TASK REQUIREMENTS =>
Locate "CASE OF LIGHT GREY STRETCH LOVESEAT COVERS" in the listing. Transcribe the line that contains it and every line that follows, through the last, omitting all pictures.

TASK INPUTS =>

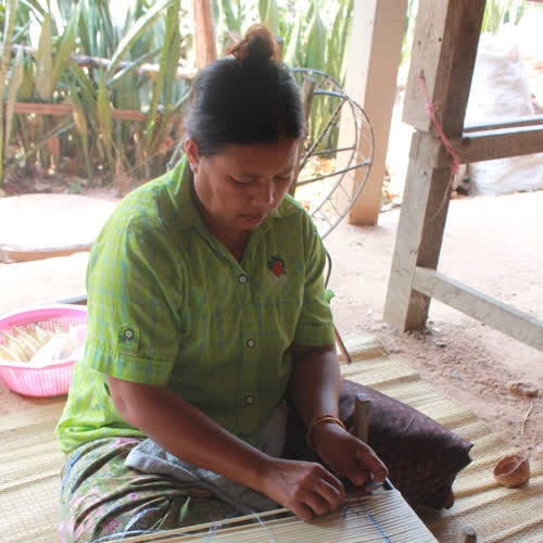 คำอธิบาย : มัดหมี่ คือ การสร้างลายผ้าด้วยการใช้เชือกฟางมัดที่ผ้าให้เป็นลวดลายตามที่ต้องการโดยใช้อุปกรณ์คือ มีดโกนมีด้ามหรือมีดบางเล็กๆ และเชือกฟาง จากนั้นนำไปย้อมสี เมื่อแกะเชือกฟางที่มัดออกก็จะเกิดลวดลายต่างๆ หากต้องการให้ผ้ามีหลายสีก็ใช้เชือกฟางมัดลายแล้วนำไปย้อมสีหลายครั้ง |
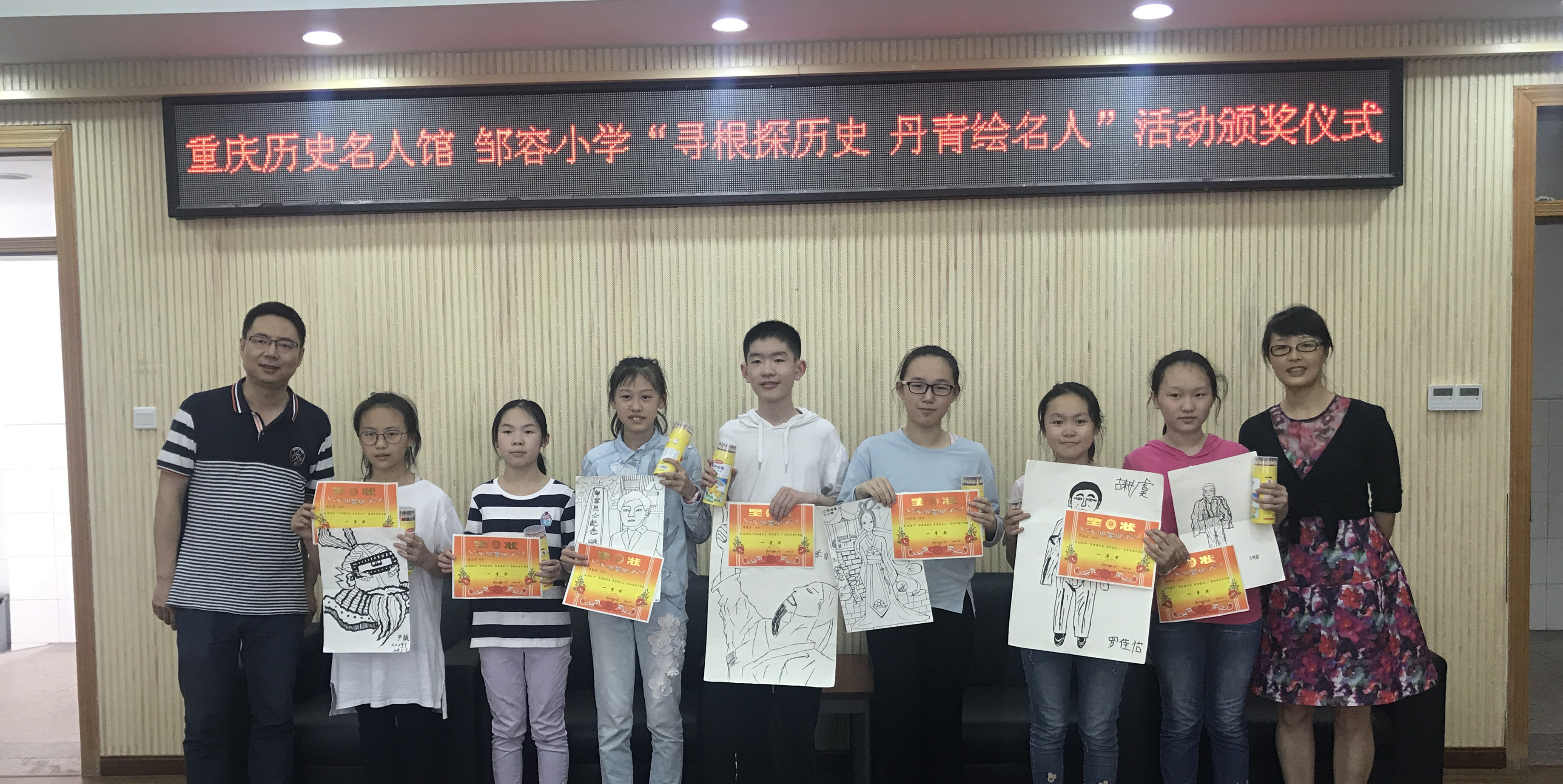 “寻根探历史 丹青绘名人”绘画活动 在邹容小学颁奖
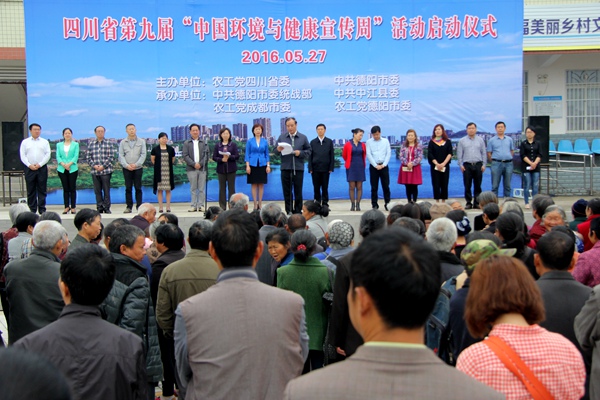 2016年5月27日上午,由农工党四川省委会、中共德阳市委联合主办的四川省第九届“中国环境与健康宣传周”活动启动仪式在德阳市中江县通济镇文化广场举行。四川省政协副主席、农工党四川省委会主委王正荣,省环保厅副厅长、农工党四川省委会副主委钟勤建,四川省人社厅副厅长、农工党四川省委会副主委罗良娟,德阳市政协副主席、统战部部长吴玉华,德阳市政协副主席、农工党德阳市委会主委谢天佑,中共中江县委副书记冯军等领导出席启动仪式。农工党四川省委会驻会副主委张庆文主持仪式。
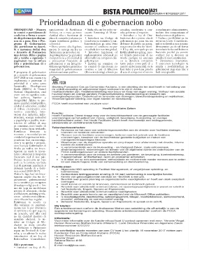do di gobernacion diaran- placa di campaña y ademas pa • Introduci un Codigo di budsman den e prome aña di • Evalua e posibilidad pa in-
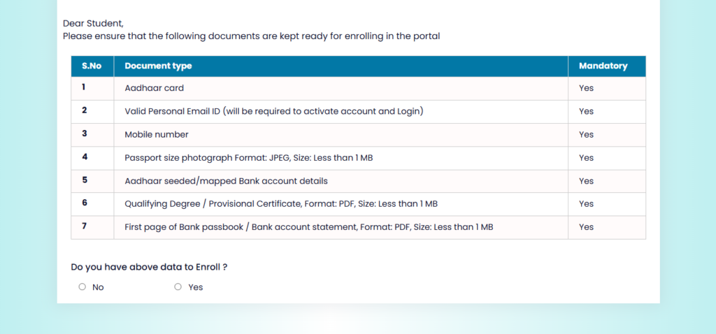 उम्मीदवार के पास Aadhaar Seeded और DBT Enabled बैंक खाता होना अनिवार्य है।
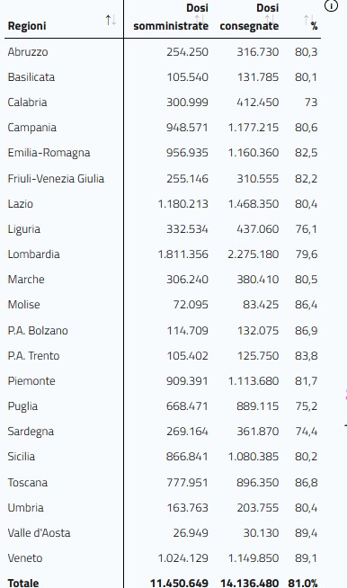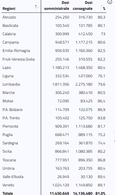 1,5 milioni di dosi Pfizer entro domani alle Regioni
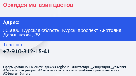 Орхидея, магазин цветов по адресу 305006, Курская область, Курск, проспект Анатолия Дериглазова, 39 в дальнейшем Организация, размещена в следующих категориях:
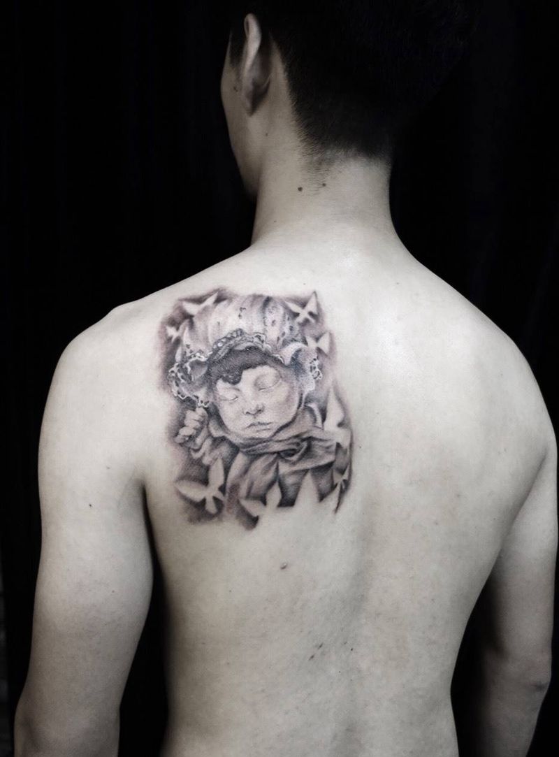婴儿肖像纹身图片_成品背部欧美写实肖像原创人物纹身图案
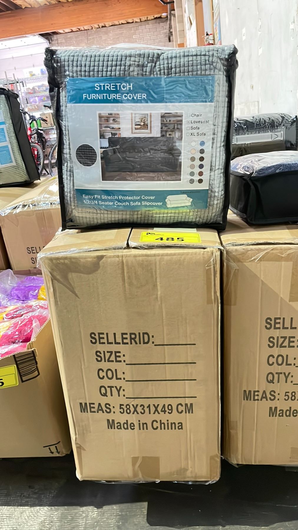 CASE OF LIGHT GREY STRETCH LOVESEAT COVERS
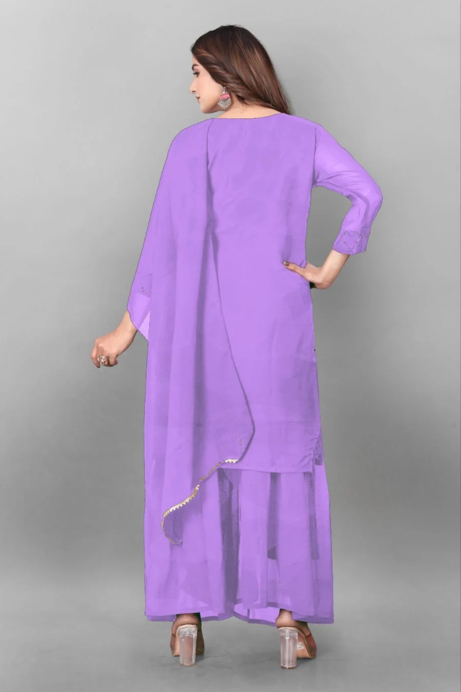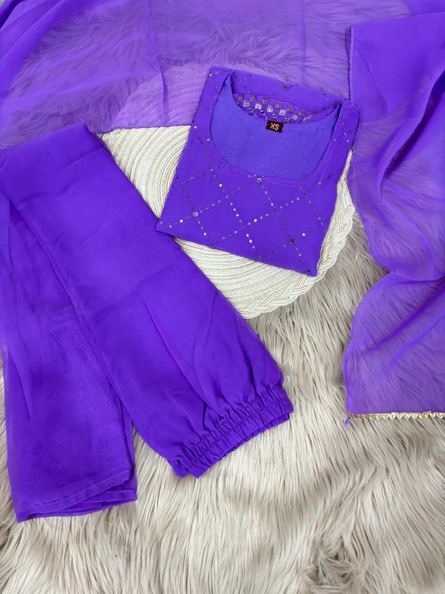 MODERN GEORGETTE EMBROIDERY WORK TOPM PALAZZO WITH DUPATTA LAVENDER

PROBLEM SOLUTION =>
 CASE OF LIGHT GREY STRETCH LOVESEAT COVERS
 MODERN GEORGETTE EMBROIDERY WORK TOPM PALAZZO WITH DUPATTA LAVENDER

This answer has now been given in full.